Compare-and-Authenticate: Lightweight distributed session management

Compare-and-Authenticate (CAA) is a tiny algorithm for centrally managing the validity of a set of distributed sessions. It currently has a single Go implementation found on GitHub.

In this article we’ll explore how we conceived of this solution given the problem and get into how it works in detail.

The Context

Whilst working with a previous startup client, we were tasked with porting everything from a very functional MVP Ruby codebase to Go with no noticeable service disruption.

The product was a geo-location recommendation engine for professional drivers in the form of an iOS and Android app. Both the apps and the service were free and had thousands of users at the time (this was 2016) of whom hundreds were active daily.

The backend system was in 2 parts when we joined: a ‘RESTful’ Ruby API for handling app requests and a Go service for dealing with geo-location recommendations. Both components shared a Postgres Database. All useful functionality in the app relied on API calls.

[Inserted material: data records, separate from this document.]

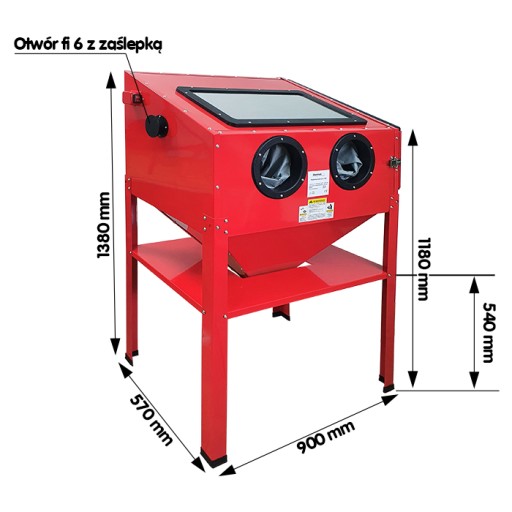- wymiary komory piaskującej (wys x szer x gł): 560 x 860 x 560 mm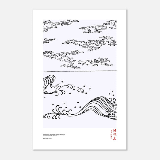 Sumérgete en la elegancia atemporal del arte japonés con esta reproducción del motivo n.º 39 del volumen central (中) de Hamonshū , una colección icónica creada en 1903 por Mori Yūzan. El título original (波紋集), que literalmente significa "Colección de motivos de olas", esta colección resalta un tema universal: el movimiento fluido y armonioso del agua y las formas que lo evocan. Diseñada para guiar a los artesanos en la ornamentación de sus creaciones, Hamonshū reúne una variedad de motivos, que van desde ondulaciones abstractas hasta composiciones más figurativas, a veces cercanas al paisaje, siempre imbuidas de poesía y una maestría estética excepcional.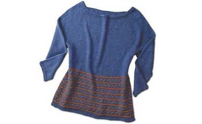 This raglan sweater, originally a Knit Picks exclusive, is knit in the round. Math is never so much fun as when it is applied practically..in the body of a sweater! Knit the ‘total’ signs and use duplicate stitch division signs to decorate your work. This pattern includes choices to suit your personal style. You may substitute yarns, use Fair Isle instead of duplicate stitch, or adjust the last line of contrasting color to emphasize the natural waist or create to the illusion of an empire waist under the bust.

The Ruby service sat directly behind the mobile apps and managed sessions. The setup at this point was a long-lived JWT living on the mobile device itself, which had a payload as follows:

{
	"session_uuid": "...",
	"user_uuid": "...",
	"persisted": true,
	"exp": "...12 months..."
}

The database had a sessions table that was referenced by the client-side JWT:

create_table(:sessions) do
	primary_key :id
	column :user_id, "integer"
	column :uuid, "text", :null=>false
	column :expires_at, "timestamp without time zone", :null=>false
	column :created_at, "timestamp without time zone", :null=>false
	column :updated_at, "timestamp without time zone", :null=>false

	...indexes...
end

You may be wondering what that persisted flag is doing. Well, it acted as a semi-tether between the JWT and the database sessions table. The governing code looked something like this:

  def self.session_from_token(token)
    begin
      s = Session.from_token(token)
    rescue Session::TokenError
      return nil
    end

    if s.persisted?
      persisted_session = Session.first(uuid: s.uuid)
      return s if persisted_session && persisted_session[:expires_at] >= Time.now.utc
      return nil
    else
      return s
    end
  end

I say semi-tether because if the key persisted didn’t exist (thus indicating it wasn’t saved in the DB) then the original session from token is returned. I don’t recall the original reason for its existence, but I suspect it was added after JWT’s had been issued and before the session table existed (and a 1 user 1 session requirement came in).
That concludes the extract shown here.